True, and not to step on anyones scrotum here but I've watched 2 PTE's take a crapola within 500 miles and both were running less than 20 psi (57 trim and a 50 trim) and after 2weeks of getting jerked around by PTE losses were cut and turbos have been made into expensive paper weights. Supposingly, the warranty was up by a week or so on the 50 trim and I can understand that BUT I explained that this was bought then installed here recently, hence the low mileage. Heck the wheels haven't had enough mileage to even get coated yet. :mad:

The 57 trim is still in a toss up. Either way PTE isn't getting anymore of my donations. :nono:

I guess that Borg train is sounding like a good train to jump on.
 
I've rebuilt somewhere in the region of 250-300 turbos in the almost 6 years I've been doing rebuilds. BY FAR, the most reliable turbos I've seen for DSM's are MHI's. They just refuse to die...and if they do, a simple rebuild gets them back up and boosting in very little time. I've seen 16G's with compressor wheels that had no fins left on them still make boost. I've seen 20G's with enough shaft play to allow the wheels to grind against the housings and make the turbo sound like a circular saw still power a car to an 11 in the 1320.

The most fragile thing on a MHI turbo is the turbine shaft. They're VERY easy to score the shaft if you send metal through your turbo. Garrett may have the upper hand in shaft durability, but as far as overall turbo durability it's all Mitsu in my opinion.
 
At 8:35am on 9/4/08, the eBay GT35R was pronounced dead.

He called this morning while I was on my way to work- said he pulled the intake and there's TONS of play, and the compressor wheel is all jacked up from hitting the housing. The funny thing is the turbo still made 22psi while it was dying, and the car even trapped 105 on the last pull of the night despite pulling out slowly from the tree.

It lasted 400 miles.....barely enough time to get the car tuned properly. We installed it by the books- ran the oil feed to the head with an inline filter and a volume restrictor, and it STILL died. I'm rather disappointed- it really appeared to be quite a well-built piece. I'm going to pursue a warranty claim from the seller, although I'm probably just going to get a poke in the eye. If they don't want the turbo back or are unresponsive to my warranty claim, I'll rip the turbo apart and try to see what exactly what went wrong (DSM-onster will be proud).

I feel bad if anything I've said in this thread up to this point has convinced anyone this was a worthwhile turbo; it's not.

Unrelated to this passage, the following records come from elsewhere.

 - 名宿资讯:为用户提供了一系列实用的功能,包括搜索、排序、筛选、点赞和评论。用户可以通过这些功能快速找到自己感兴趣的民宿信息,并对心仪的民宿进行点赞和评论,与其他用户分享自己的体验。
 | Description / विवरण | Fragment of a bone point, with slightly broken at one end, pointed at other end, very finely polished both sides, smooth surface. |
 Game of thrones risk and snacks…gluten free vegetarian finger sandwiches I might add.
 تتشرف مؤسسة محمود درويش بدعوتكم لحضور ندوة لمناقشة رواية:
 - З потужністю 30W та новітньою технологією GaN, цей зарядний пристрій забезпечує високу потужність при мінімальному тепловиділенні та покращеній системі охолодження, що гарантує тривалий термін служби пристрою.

Just like all of the other Chinese Wal-Mart knockoff junk turbos that are flooding eBay, there may be some good ones....but this one sure wasn't.
I thought you're only supposed to use a restrictor if it is feed from the housing, and not the head....
 
I thought you're only supposed to use a restrictor if it is feed from the housing, and not the head....
I believe you're confusing volume restriction with pressure restriction.

Garrett normally specifies a volume restrictor for all of their ball-bearing turbos in order to avoid saturating the center cartridge with oil. I believe the required normal operating oil pressure for a ball bearing turbo is 30-60psi, which is quite achieveable from the head. If fed from the filter housing, you could see pressures as high as 80psi fed to the turbo at high RPM.

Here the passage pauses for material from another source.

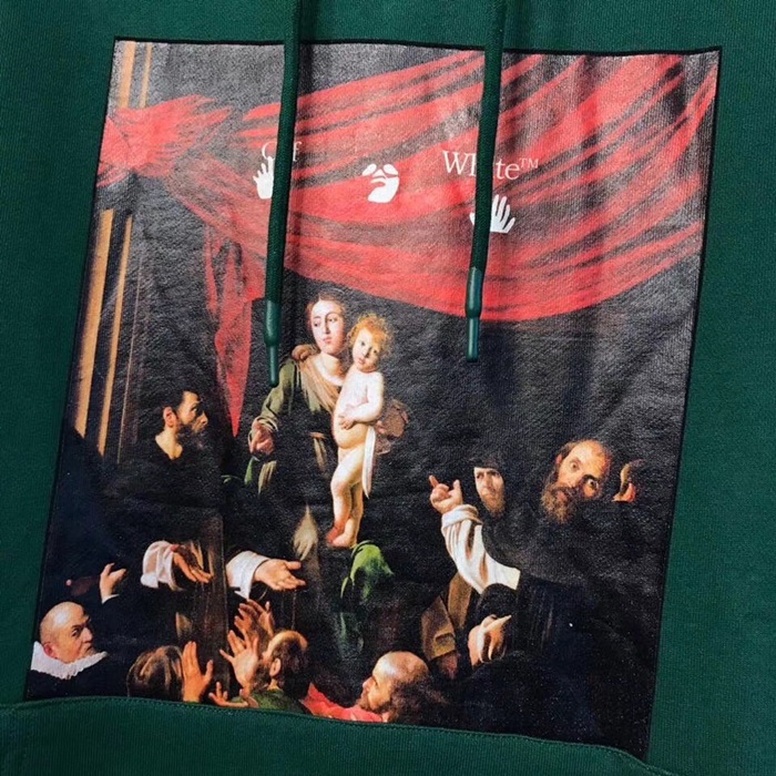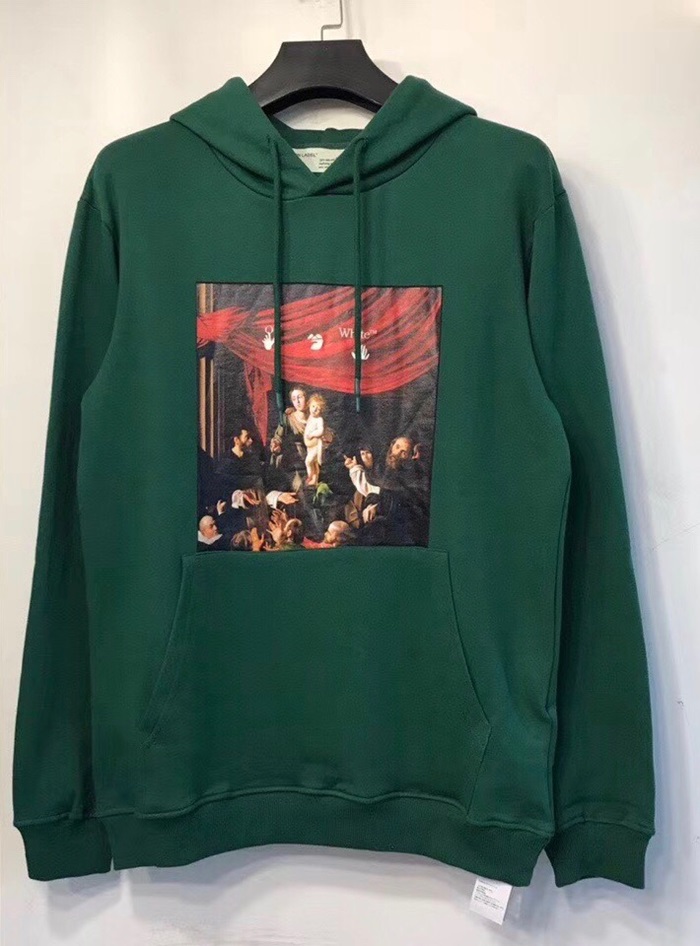 オフホワイト-オフホワイトメンズコットンジップアップフーディf0533グリーン

No matter WHERE you draw oil from for a ball-bearing turbo, you need a volume restrictor....it's up to you to find the oil source with the appropriate operating pressure for your turbo.

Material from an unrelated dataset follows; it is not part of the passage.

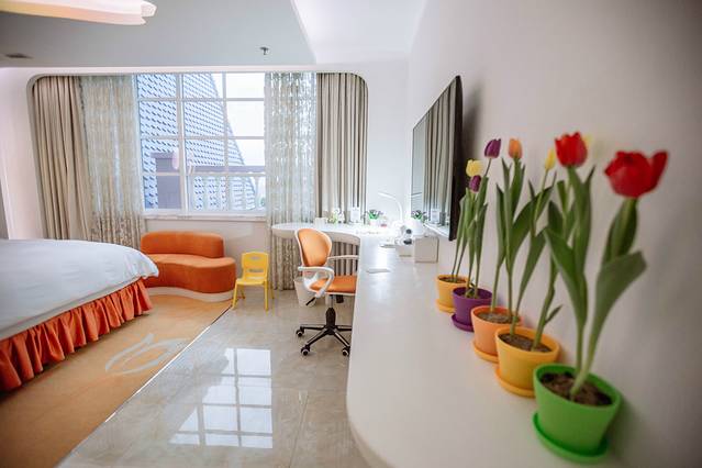 柔软的床铺,干爽的被子,枕头还用绣花嗅着郁金香的花纹,凸显出房间的主题特色。房间还摆放了几盆郁金香,五彩的郁金香给房间带来了清新的活力。
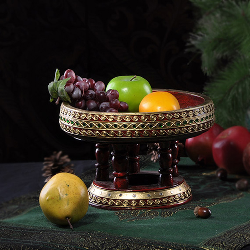 Thailand Imported Craft Gifts Decorative Southeast Asian Solid Wood Decorative Fruit Plate Living Room Storage Household Dried Fruit Plate Entrance Supply Plate

Regardless, if you watched the second video that I posted earlier you'll see that this turbo was getting PLENTY of oil.

jusmx141 could you up-grade the center section of these gt35r turbos?

That's very possible....use a replacement Garrett CHRA in the knockoff housings. What I need to know is if the collar where the turbine housing seals and the backplate size of the compressor housing is identical to that of a Garrett or not. I'll post any info I find, but I don't really have a true GT35R nearby to measure.

The chinese have a sneaky way of making minute changes in order to get past copyright laws that will also render the turbo useless in trying to repair with genuine parts. For instance, the towers on the knockoff 16G's compressor cover which the wastegate actuator bolts to are much shorter than that of a MHI 16G. If you try to swap a MHI actuator in place of the knockoff actuator, the flapper will hang open about 3/4". Again, it's nothing a stack of washers can't handle....but it IS a difference.

I've already posted that the Garrett compressor backplate retainers will not line up with the holes on the knockoff 35R compressor cover....the bolt holes are off about 1/2" the whole way around. I can only wonder how many additional differences there are!
 
I believe you're confusing volume restriction with pressure restriction.

Garrett normally specifies a volume restrictor for all of their ball-bearing turbos in order to avoid saturating the center cartridge with oil. I believe the required normal operating oil pressure for a ball bearing turbo is 30-60psi, which is quite achieveable from the head. If fed from the filter housing, you could see pressures as high as 80psi fed to the turbo at high RPM.

No matter WHERE you draw oil from for a ball-bearing turbo, you need a volume restrictor....it's up to you to find the oil source with the appropriate operating pressure for your turbo.

Regardless, if you watched the second video that I posted earlier you'll see that this turbo was getting PLENTY of oil.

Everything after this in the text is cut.